MATERIAL PROVIDED:
<<<<
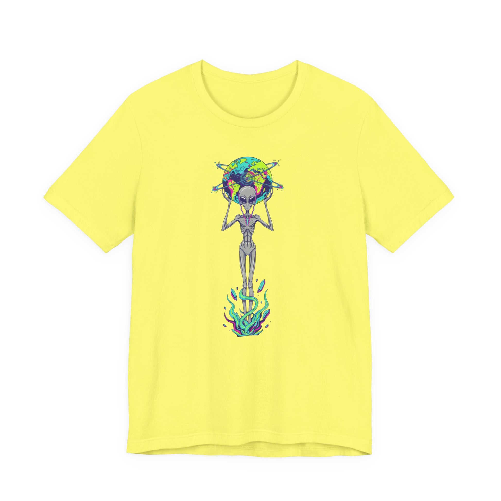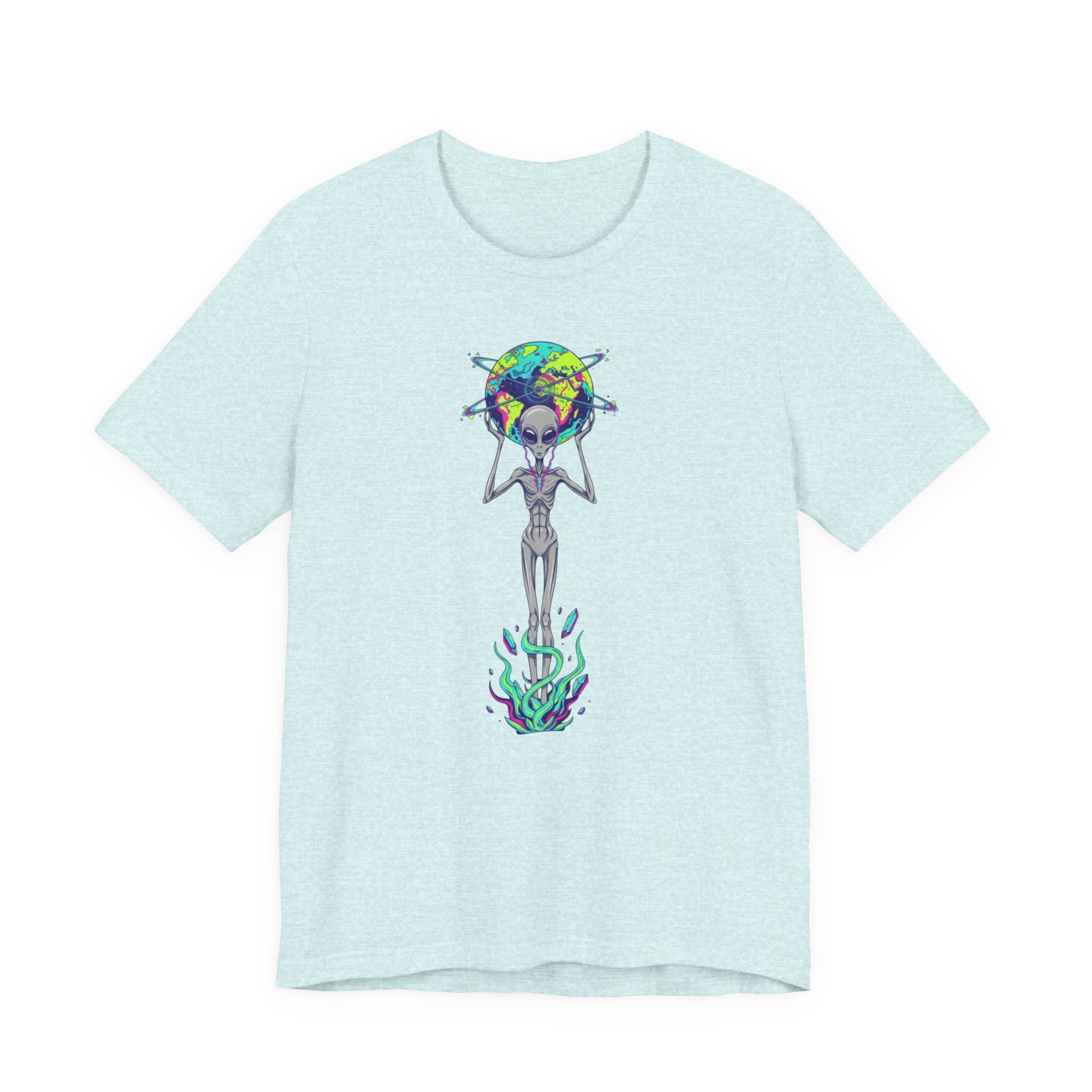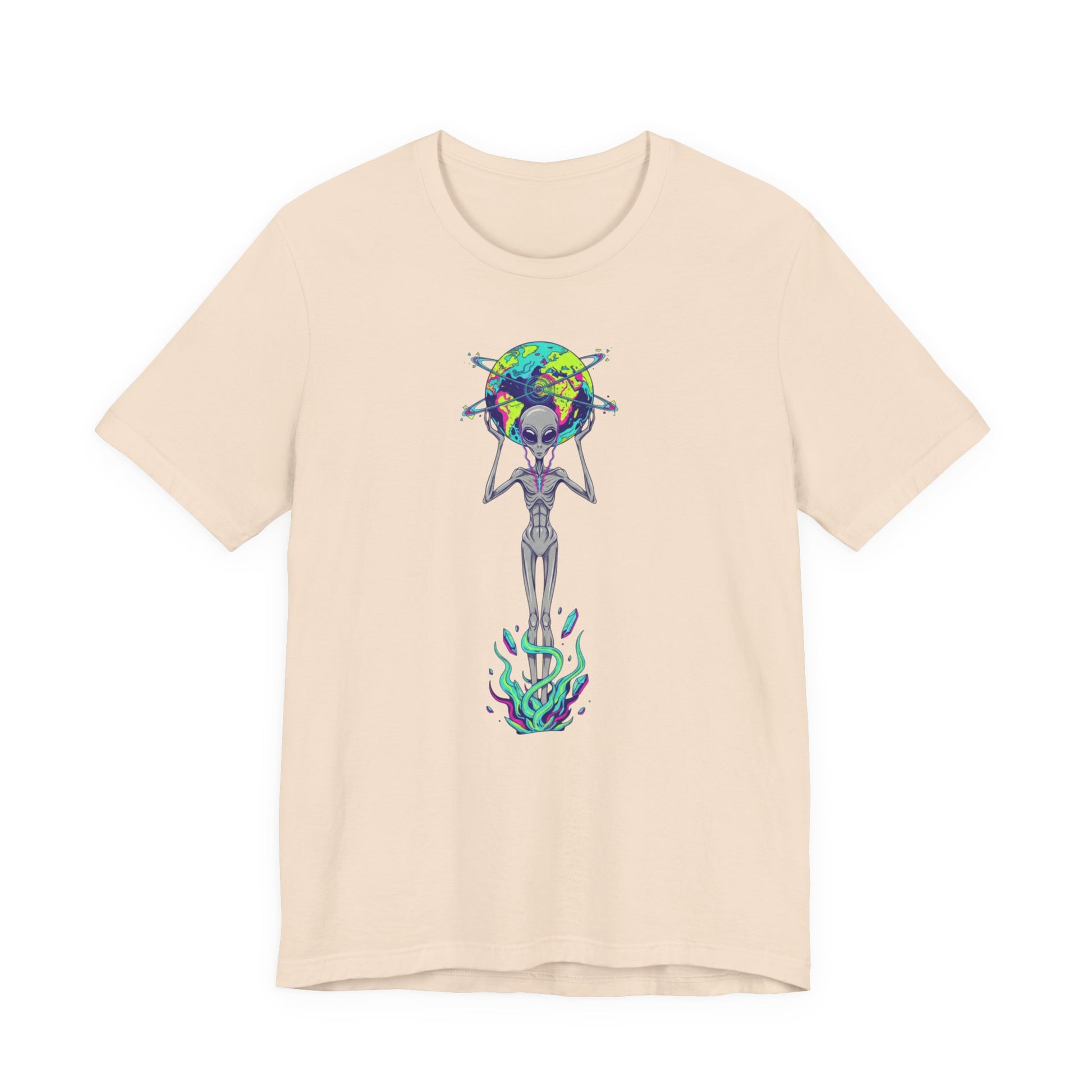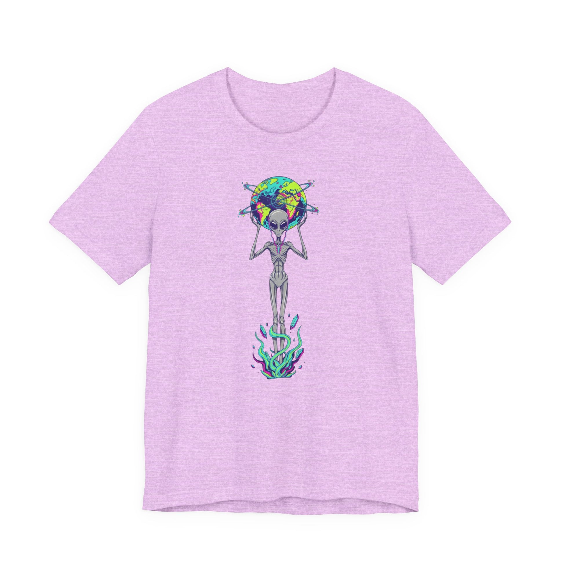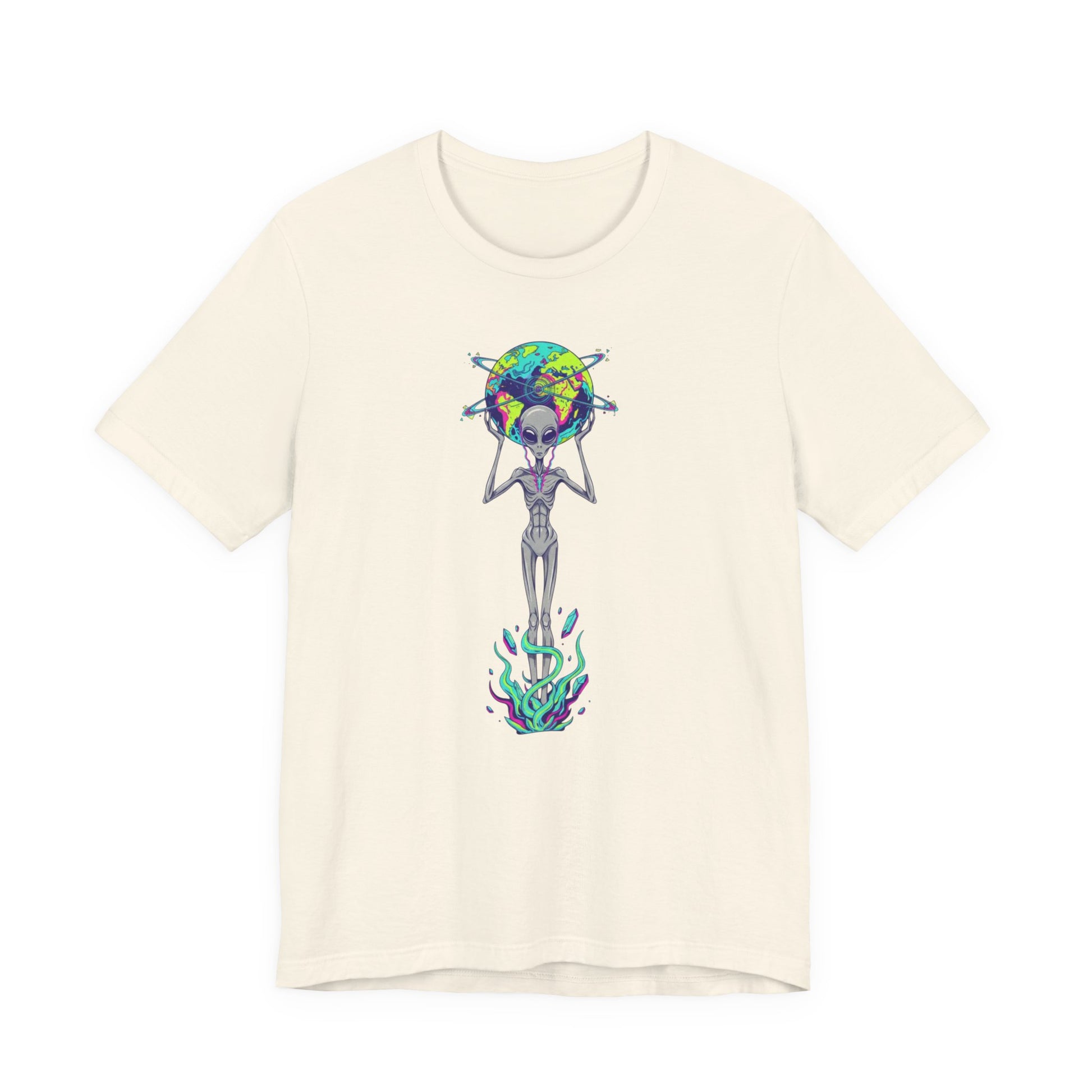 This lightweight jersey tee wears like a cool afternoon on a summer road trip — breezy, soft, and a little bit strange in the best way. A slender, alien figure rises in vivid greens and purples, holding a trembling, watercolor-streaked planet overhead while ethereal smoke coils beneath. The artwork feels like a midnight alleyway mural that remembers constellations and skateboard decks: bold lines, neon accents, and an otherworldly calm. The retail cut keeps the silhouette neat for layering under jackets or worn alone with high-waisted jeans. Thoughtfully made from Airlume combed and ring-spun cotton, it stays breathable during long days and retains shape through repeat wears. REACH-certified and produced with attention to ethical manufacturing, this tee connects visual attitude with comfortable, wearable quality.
>>>>
<<<<
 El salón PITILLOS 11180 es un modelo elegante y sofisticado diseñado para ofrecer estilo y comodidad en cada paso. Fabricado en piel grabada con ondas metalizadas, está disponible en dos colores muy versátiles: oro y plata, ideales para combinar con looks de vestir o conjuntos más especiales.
>>>>
<<<<
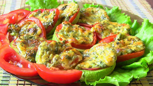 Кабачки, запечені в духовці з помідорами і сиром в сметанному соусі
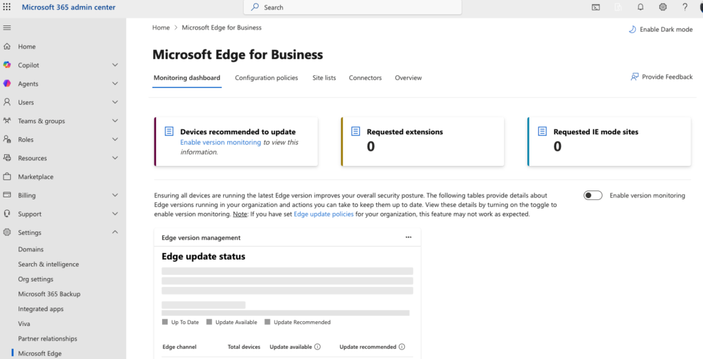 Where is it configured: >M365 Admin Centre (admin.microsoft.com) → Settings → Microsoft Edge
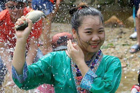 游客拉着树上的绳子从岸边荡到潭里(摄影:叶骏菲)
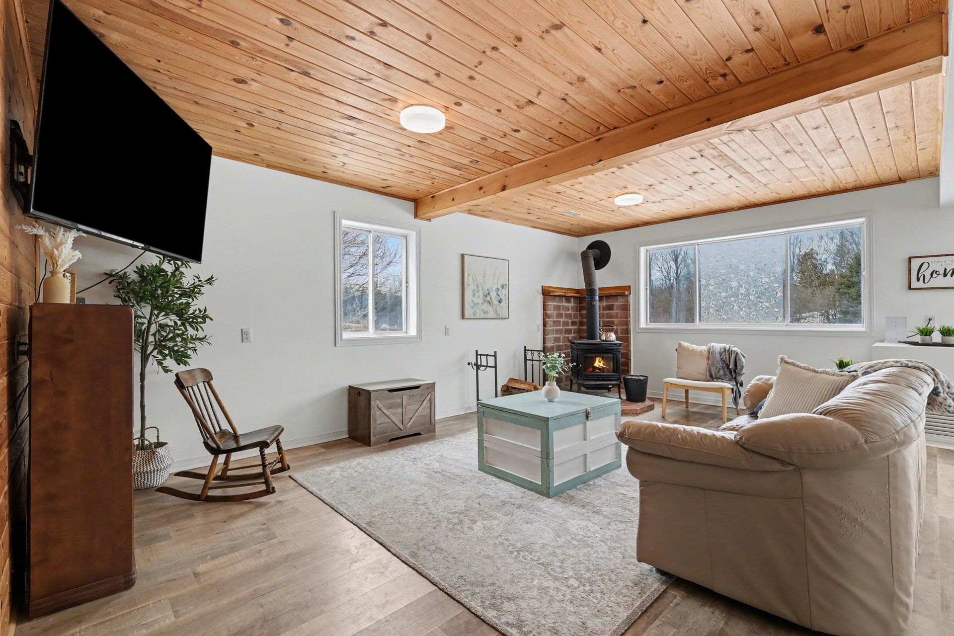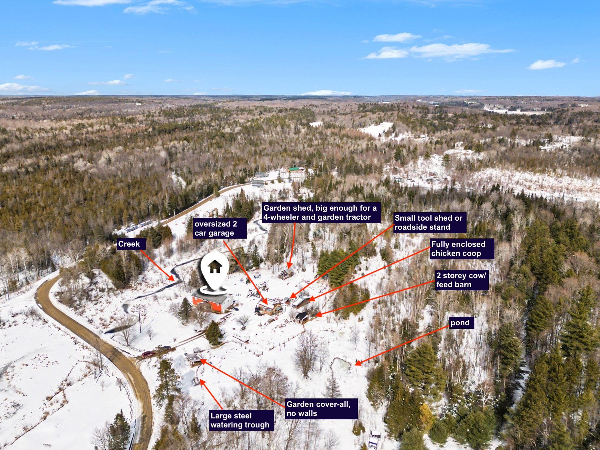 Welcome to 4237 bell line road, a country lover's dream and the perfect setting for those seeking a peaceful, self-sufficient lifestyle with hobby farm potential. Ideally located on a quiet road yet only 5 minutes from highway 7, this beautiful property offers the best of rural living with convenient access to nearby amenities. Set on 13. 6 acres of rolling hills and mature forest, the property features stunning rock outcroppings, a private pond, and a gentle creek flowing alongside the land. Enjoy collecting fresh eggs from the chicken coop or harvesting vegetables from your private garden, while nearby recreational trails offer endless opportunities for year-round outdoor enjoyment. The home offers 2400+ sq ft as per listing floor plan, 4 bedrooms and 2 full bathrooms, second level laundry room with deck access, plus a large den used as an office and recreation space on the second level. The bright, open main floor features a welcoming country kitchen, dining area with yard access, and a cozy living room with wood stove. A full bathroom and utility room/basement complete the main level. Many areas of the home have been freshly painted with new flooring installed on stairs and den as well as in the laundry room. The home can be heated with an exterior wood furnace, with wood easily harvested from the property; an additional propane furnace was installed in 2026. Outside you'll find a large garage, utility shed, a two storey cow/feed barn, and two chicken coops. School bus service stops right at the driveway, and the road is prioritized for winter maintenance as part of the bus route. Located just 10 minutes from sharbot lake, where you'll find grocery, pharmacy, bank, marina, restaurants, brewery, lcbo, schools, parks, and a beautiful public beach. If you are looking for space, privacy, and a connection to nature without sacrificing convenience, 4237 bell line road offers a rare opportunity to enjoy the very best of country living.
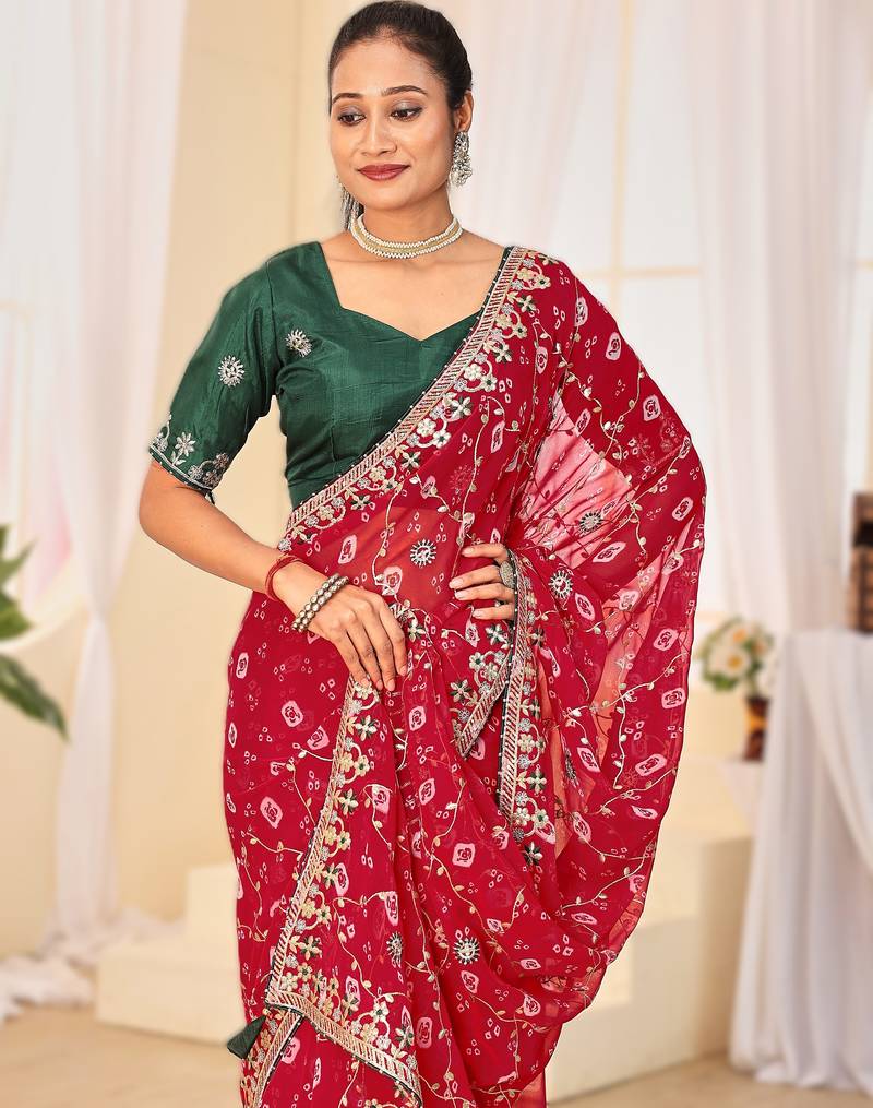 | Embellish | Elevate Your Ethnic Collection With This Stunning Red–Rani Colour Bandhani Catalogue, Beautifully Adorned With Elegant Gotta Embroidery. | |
>>>>
WHAT YOU ARE ASKED TO DO:
From the records above, transcribe exactly the lines starting at the one containing "Where is it" and ending at the one containing "Embroidery. | |". Skip the pictures.

ANSWER FOR THE TASK:
 Where is it configured: >M365 Admin Centre (admin.microsoft.com) → Settings → Microsoft Edge
 游客拉着树上的绳子从岸边荡到潭里(摄影:叶骏菲)
 Welcome to 4237 bell line road, a country lover's dream and the perfect setting for those seeking a peaceful, self-sufficient lifestyle with hobby farm potential. Ideally located on a quiet road yet only 5 minutes from highway 7, this beautiful property offers the best of rural living with convenient access to nearby amenities. Set on 13. 6 acres of rolling hills and mature forest, the property features stunning rock outcroppings, a private pond, and a gentle creek flowing alongside the land. Enjoy collecting fresh eggs from the chicken coop or harvesting vegetables from your private garden, while nearby recreational trails offer endless opportunities for year-round outdoor enjoyment. The home offers 2400+ sq ft as per listing floor plan, 4 bedrooms and 2 full bathrooms, second level laundry room with deck access, plus a large den used as an office and recreation space on the second level. The bright, open main floor features a welcoming country kitchen, dining area with yard access, and a cozy living room with wood stove. A full bathroom and utility room/basement complete the main level. Many areas of the home have been freshly painted with new flooring installed on stairs and den as well as in the laundry room. The home can be heated with an exterior wood furnace, with wood easily harvested from the property; an additional propane furnace was installed in 2026. Outside you'll find a large garage, utility shed, a two storey cow/feed barn, and two chicken coops. School bus service stops right at the driveway, and the road is prioritized for winter maintenance as part of the bus route. Located just 10 minutes from sharbot lake, where you'll find grocery, pharmacy, bank, marina, restaurants, brewery, lcbo, schools, parks, and a beautiful public beach. If you are looking for space, privacy, and a connection to nature without sacrificing convenience, 4237 bell line road offers a rare opportunity to enjoy the very best of country living.
 | Embellish | Elevate Your Ethnic Collection With This Stunning Red–Rani Colour Bandhani Catalogue, Beautifully Adorned With Elegant Gotta Embroidery. | |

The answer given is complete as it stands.